DESCRIPTION OF THE TASK:
From top to bottom, write out the listing exactly and skip every picture.

DATA FOR PROCESSING:
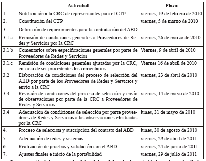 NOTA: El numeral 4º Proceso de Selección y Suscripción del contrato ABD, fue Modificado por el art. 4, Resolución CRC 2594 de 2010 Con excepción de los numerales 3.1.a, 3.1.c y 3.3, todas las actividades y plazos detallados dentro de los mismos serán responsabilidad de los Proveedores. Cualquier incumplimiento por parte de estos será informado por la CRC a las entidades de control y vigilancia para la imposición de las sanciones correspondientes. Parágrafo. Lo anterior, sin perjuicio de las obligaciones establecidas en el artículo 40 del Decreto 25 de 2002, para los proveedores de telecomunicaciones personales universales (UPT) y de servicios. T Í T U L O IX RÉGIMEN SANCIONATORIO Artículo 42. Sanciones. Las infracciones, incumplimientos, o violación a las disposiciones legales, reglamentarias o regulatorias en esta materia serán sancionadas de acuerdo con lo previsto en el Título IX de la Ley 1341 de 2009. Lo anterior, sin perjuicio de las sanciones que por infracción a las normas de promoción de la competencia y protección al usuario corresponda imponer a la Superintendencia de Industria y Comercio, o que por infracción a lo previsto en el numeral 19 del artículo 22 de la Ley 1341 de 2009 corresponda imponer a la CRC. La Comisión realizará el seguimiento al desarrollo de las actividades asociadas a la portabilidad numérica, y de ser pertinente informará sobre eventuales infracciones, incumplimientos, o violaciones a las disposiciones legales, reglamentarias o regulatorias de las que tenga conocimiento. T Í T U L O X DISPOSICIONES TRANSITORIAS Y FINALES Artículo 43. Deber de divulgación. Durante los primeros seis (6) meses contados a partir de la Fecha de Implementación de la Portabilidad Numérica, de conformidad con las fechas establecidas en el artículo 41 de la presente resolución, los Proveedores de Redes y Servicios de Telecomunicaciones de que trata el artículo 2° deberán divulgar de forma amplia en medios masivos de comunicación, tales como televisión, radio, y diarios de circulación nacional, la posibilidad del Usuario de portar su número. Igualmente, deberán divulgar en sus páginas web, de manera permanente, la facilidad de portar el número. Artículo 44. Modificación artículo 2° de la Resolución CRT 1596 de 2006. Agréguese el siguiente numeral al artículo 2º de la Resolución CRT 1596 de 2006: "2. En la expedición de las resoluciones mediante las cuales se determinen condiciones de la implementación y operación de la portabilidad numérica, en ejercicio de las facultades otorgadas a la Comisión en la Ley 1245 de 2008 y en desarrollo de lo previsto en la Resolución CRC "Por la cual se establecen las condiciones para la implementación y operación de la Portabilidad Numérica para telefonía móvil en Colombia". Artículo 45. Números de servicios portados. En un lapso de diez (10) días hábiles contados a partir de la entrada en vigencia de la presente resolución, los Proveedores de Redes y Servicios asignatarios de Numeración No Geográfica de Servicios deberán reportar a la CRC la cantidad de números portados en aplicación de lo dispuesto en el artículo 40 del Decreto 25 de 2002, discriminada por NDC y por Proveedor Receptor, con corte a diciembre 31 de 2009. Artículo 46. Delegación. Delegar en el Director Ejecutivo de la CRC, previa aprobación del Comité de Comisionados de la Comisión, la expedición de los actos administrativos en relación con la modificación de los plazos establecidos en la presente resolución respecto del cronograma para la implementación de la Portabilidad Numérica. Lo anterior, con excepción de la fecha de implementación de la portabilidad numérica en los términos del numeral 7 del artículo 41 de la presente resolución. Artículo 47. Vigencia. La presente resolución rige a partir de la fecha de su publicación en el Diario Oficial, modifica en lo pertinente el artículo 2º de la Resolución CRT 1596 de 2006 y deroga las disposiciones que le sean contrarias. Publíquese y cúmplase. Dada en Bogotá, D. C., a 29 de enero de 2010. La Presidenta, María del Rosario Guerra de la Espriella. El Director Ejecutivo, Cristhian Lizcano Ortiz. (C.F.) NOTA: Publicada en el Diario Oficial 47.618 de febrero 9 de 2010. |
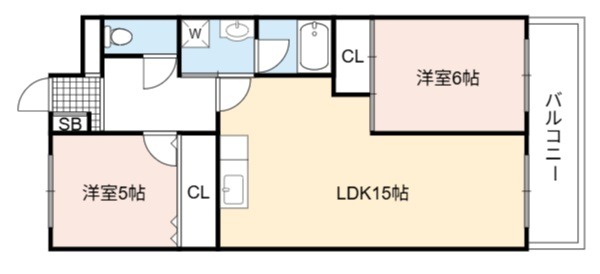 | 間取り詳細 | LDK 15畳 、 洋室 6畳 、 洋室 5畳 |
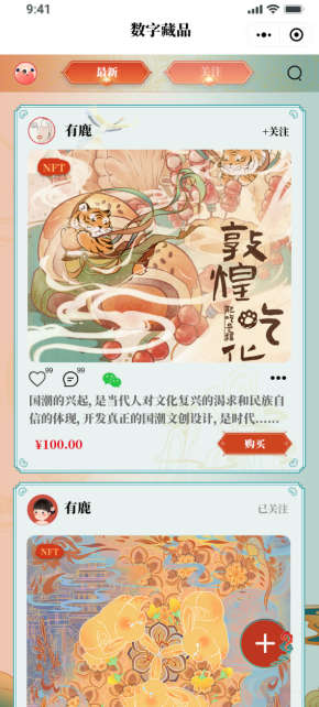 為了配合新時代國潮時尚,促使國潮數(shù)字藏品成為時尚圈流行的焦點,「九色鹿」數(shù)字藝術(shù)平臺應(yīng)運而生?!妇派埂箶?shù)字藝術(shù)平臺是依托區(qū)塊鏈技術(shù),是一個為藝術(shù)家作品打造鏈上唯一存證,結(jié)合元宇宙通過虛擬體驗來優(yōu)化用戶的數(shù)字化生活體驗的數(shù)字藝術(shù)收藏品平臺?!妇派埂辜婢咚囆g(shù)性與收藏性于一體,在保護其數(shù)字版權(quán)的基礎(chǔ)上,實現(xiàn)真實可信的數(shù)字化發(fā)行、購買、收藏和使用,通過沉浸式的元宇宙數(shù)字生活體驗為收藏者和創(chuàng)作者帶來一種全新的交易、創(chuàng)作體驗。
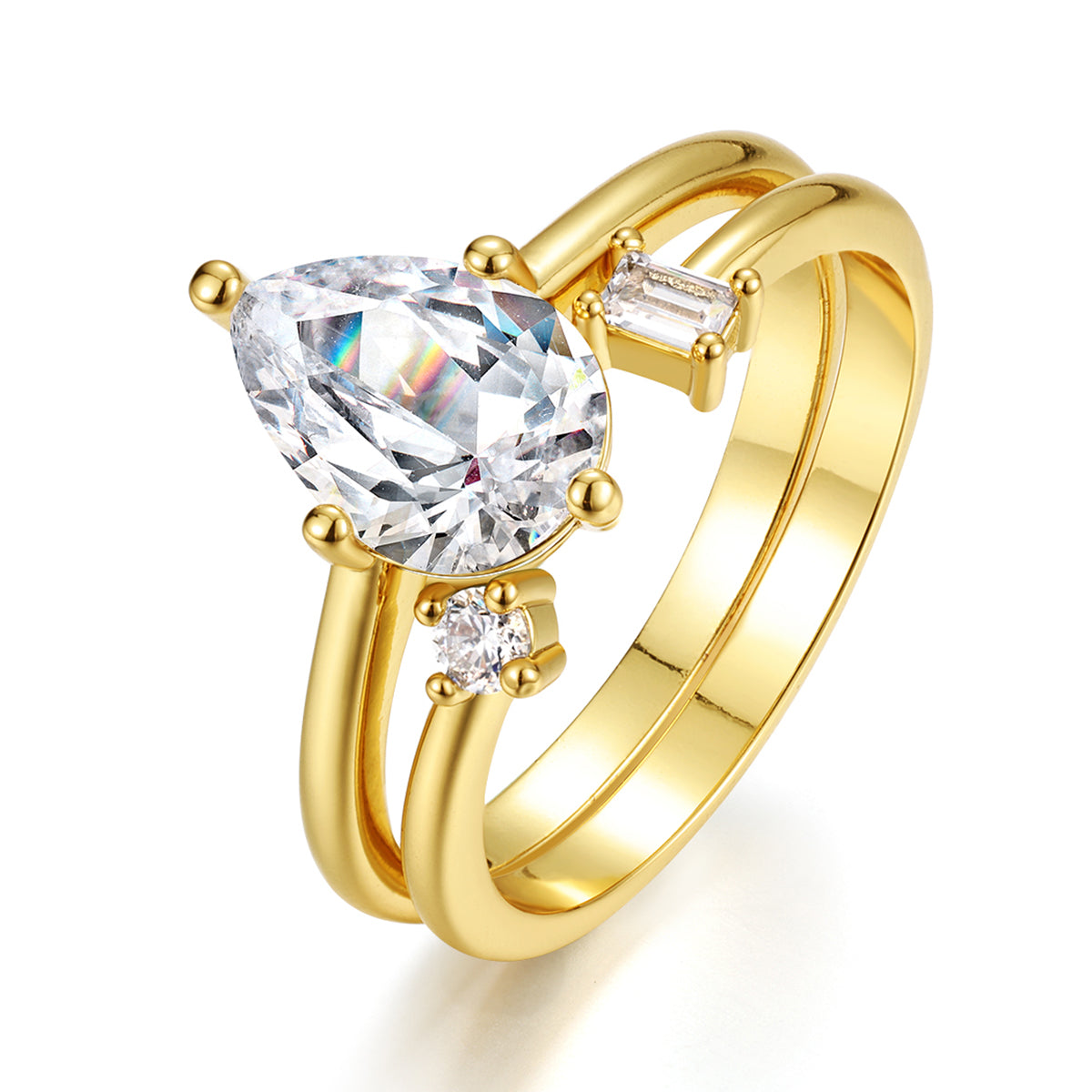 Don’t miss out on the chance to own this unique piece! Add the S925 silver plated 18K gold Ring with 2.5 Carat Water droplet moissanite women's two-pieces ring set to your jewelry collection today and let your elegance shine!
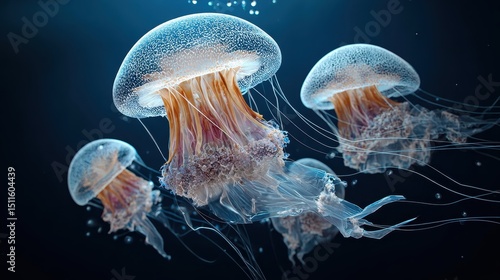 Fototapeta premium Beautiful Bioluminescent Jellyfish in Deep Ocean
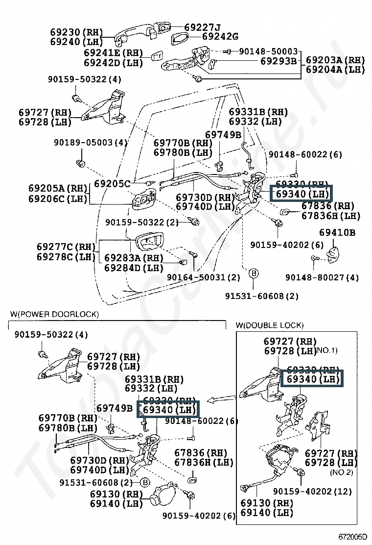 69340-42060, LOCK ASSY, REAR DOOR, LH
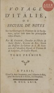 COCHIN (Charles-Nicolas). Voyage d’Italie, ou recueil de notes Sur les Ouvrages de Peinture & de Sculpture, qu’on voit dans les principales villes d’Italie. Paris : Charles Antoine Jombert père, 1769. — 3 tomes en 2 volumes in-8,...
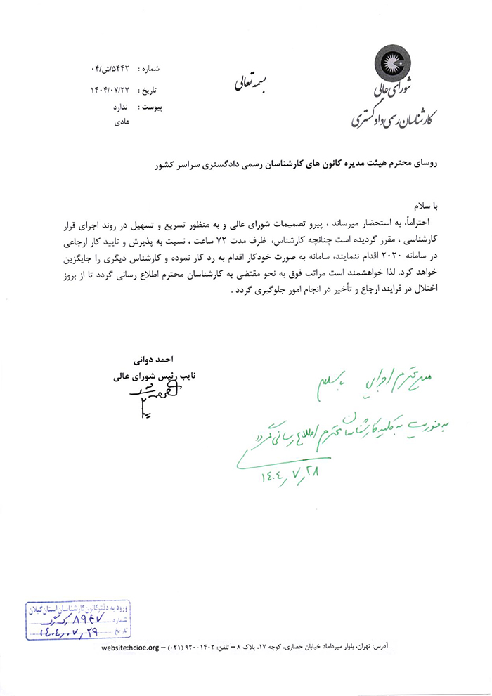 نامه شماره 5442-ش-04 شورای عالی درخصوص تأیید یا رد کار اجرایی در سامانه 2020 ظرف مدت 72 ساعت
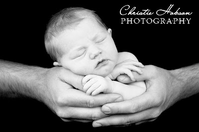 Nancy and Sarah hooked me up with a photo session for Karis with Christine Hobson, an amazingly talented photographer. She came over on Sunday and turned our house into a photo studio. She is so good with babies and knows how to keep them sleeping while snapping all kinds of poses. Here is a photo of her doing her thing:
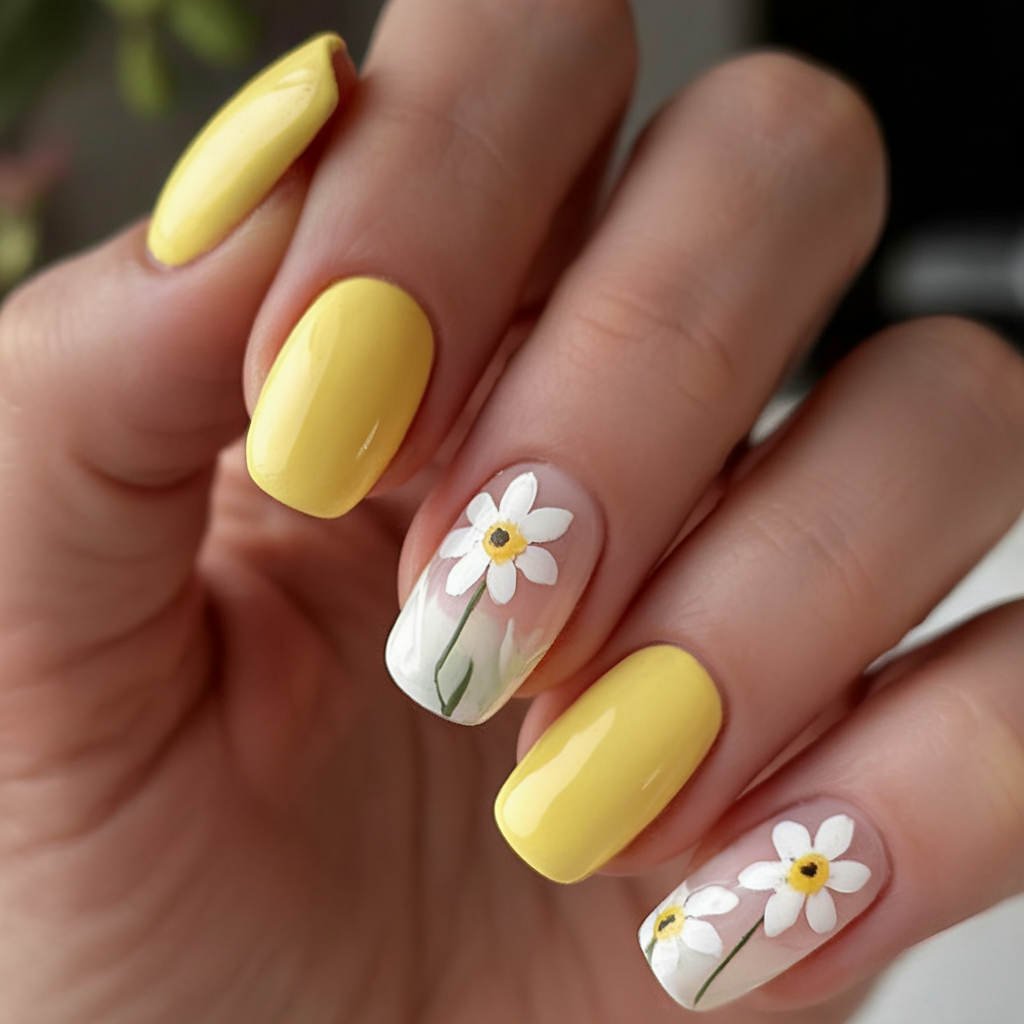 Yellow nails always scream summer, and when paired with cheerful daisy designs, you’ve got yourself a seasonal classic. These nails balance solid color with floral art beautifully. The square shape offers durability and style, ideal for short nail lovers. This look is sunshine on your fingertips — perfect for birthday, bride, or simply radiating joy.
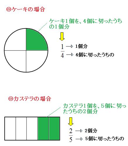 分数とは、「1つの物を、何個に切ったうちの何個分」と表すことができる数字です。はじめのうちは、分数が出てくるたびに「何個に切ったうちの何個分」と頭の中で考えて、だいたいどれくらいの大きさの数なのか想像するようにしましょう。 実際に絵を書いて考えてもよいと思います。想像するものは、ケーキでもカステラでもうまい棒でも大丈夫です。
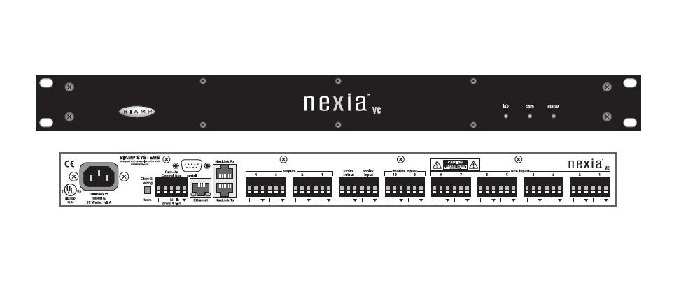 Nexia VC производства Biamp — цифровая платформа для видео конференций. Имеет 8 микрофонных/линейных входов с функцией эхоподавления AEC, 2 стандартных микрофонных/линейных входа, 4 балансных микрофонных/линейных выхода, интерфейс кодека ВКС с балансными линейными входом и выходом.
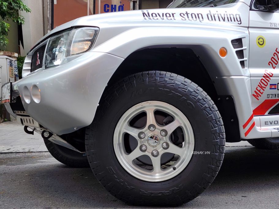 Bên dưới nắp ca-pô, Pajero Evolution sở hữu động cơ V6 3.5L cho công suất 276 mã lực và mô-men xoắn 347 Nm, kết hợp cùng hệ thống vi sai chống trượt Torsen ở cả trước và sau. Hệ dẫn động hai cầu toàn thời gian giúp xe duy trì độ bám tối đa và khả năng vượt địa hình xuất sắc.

RESPONSE:
 NOTA: El numeral 4º Proceso de Selección y Suscripción del contrato ABD, fue Modificado por el art. 4, Resolución CRC 2594 de 2010 Con excepción de los numerales 3.1.a, 3.1.c y 3.3, todas las actividades y plazos detallados dentro de los mismos serán responsabilidad de los Proveedores. Cualquier incumplimiento por parte de estos será informado por la CRC a las entidades de control y vigilancia para la imposición de las sanciones correspondientes. Parágrafo. Lo anterior, sin perjuicio de las obligaciones establecidas en el artículo 40 del Decreto 25 de 2002, para los proveedores de telecomunicaciones personales universales (UPT) y de servicios. T Í T U L O IX RÉGIMEN SANCIONATORIO Artículo 42. Sanciones. Las infracciones, incumplimientos, o violación a las disposiciones legales, reglamentarias o regulatorias en esta materia serán sancionadas de acuerdo con lo previsto en el Título IX de la Ley 1341 de 2009. Lo anterior, sin perjuicio de las sanciones que por infracción a las normas de promoción de la competencia y protección al usuario corresponda imponer a la Superintendencia de Industria y Comercio, o que por infracción a lo previsto en el numeral 19 del artículo 22 de la Ley 1341 de 2009 corresponda imponer a la CRC. La Comisión realizará el seguimiento al desarrollo de las actividades asociadas a la portabilidad numérica, y de ser pertinente informará sobre eventuales infracciones, incumplimientos, o violaciones a las disposiciones legales, reglamentarias o regulatorias de las que tenga conocimiento. T Í T U L O X DISPOSICIONES TRANSITORIAS Y FINALES Artículo 43. Deber de divulgación. Durante los primeros seis (6) meses contados a partir de la Fecha de Implementación de la Portabilidad Numérica, de conformidad con las fechas establecidas en el artículo 41 de la presente resolución, los Proveedores de Redes y Servicios de Telecomunicaciones de que trata el artículo 2° deberán divulgar de forma amplia en medios masivos de comunicación, tales como televisión, radio, y diarios de circulación nacional, la posibilidad del Usuario de portar su número. Igualmente, deberán divulgar en sus páginas web, de manera permanente, la facilidad de portar el número. Artículo 44. Modificación artículo 2° de la Resolución CRT 1596 de 2006. Agréguese el siguiente numeral al artículo 2º de la Resolución CRT 1596 de 2006: "2. En la expedición de las resoluciones mediante las cuales se determinen condiciones de la implementación y operación de la portabilidad numérica, en ejercicio de las facultades otorgadas a la Comisión en la Ley 1245 de 2008 y en desarrollo de lo previsto en la Resolución CRC "Por la cual se establecen las condiciones para la implementación y operación de la Portabilidad Numérica para telefonía móvil en Colombia". Artículo 45. Números de servicios portados. En un lapso de diez (10) días hábiles contados a partir de la entrada en vigencia de la presente resolución, los Proveedores de Redes y Servicios asignatarios de Numeración No Geográfica de Servicios deberán reportar a la CRC la cantidad de números portados en aplicación de lo dispuesto en el artículo 40 del Decreto 25 de 2002, discriminada por NDC y por Proveedor Receptor, con corte a diciembre 31 de 2009. Artículo 46. Delegación. Delegar en el Director Ejecutivo de la CRC, previa aprobación del Comité de Comisionados de la Comisión, la expedición de los actos administrativos en relación con la modificación de los plazos establecidos en la presente resolución respecto del cronograma para la implementación de la Portabilidad Numérica. Lo anterior, con excepción de la fecha de implementación de la portabilidad numérica en los términos del numeral 7 del artículo 41 de la presente resolución. Artículo 47. Vigencia. La presente resolución rige a partir de la fecha de su publicación en el Diario Oficial, modifica en lo pertinente el artículo 2º de la Resolución CRT 1596 de 2006 y deroga las disposiciones que le sean contrarias. Publíquese y cúmplase. Dada en Bogotá, D. C., a 29 de enero de 2010. La Presidenta, María del Rosario Guerra de la Espriella. El Director Ejecutivo, Cristhian Lizcano Ortiz. (C.F.) NOTA: Publicada en el Diario Oficial 47.618 de febrero 9 de 2010. |
 | 間取り詳細 | LDK 15畳 、 洋室 6畳 、 洋室 5畳 |
 為了配合新時代國潮時尚,促使國潮數(shù)字藏品成為時尚圈流行的焦點,「九色鹿」數(shù)字藝術(shù)平臺應(yīng)運而生?!妇派埂箶?shù)字藝術(shù)平臺是依托區(qū)塊鏈技術(shù),是一個為藝術(shù)家作品打造鏈上唯一存證,結(jié)合元宇宙通過虛擬體驗來優(yōu)化用戶的數(shù)字化生活體驗的數(shù)字藝術(shù)收藏品平臺?!妇派埂辜婢咚囆g(shù)性與收藏性于一體,在保護其數(shù)字版權(quán)的基礎(chǔ)上,實現(xiàn)真實可信的數(shù)字化發(fā)行、購買、收藏和使用,通過沉浸式的元宇宙數(shù)字生活體驗為收藏者和創(chuàng)作者帶來一種全新的交易、創(chuàng)作體驗。
 Don’t miss out on the chance to own this unique piece! Add the S925 silver plated 18K gold Ring with 2.5 Carat Water droplet moissanite women's two-pieces ring set to your jewelry collection today and let your elegance shine!
 Fototapeta premium Beautiful Bioluminescent Jellyfish in Deep Ocean
 69340-42060, LOCK ASSY, REAR DOOR, LH
 COCHIN (Charles-Nicolas). Voyage d’Italie, ou recueil de notes Sur les Ouvrages de Peinture & de Sculpture, qu’on voit dans les principales villes d’Italie. Paris : Charles Antoine Jombert père, 1769. — 3 tomes en 2 volumes in-8,...
 نامه شماره 5442-ش-04 شورای عالی درخصوص تأیید یا رد کار اجرایی در سامانه 2020 ظرف مدت 72 ساعت
 Nancy and Sarah hooked me up with a photo session for Karis with Christine Hobson, an amazingly talented photographer. She came over on Sunday and turned our house into a photo studio. She is so good with babies and knows how to keep them sleeping while snapping all kinds of poses. Here is a photo of her doing her thing:
 Yellow nails always scream summer, and when paired with cheerful daisy designs, you’ve got yourself a seasonal classic. These nails balance solid color with floral art beautifully. The square shape offers durability and style, ideal for short nail lovers. This look is sunshine on your fingertips — perfect for birthday, bride, or simply radiating joy.
 分数とは、「1つの物を、何個に切ったうちの何個分」と表すことができる数字です。はじめのうちは、分数が出てくるたびに「何個に切ったうちの何個分」と頭の中で考えて、だいたいどれくらいの大きさの数なのか想像するようにしましょう。 実際に絵を書いて考えてもよいと思います。想像するものは、ケーキでもカステラでもうまい棒でも大丈夫です。
 Nexia VC производства Biamp — цифровая платформа для видео конференций. Имеет 8 микрофонных/линейных входов с функцией эхоподавления AEC, 2 стандартных микрофонных/линейных входа, 4 балансных микрофонных/линейных выхода, интерфейс кодека ВКС с балансными линейными входом и выходом.
 Bên dưới nắp ca-pô, Pajero Evolution sở hữu động cơ V6 3.5L cho công suất 276 mã lực và mô-men xoắn 347 Nm, kết hợp cùng hệ thống vi sai chống trượt Torsen ở cả trước và sau. Hệ dẫn động hai cầu toàn thời gian giúp xe duy trì độ bám tối đa và khả năng vượt địa hình xuất sắc.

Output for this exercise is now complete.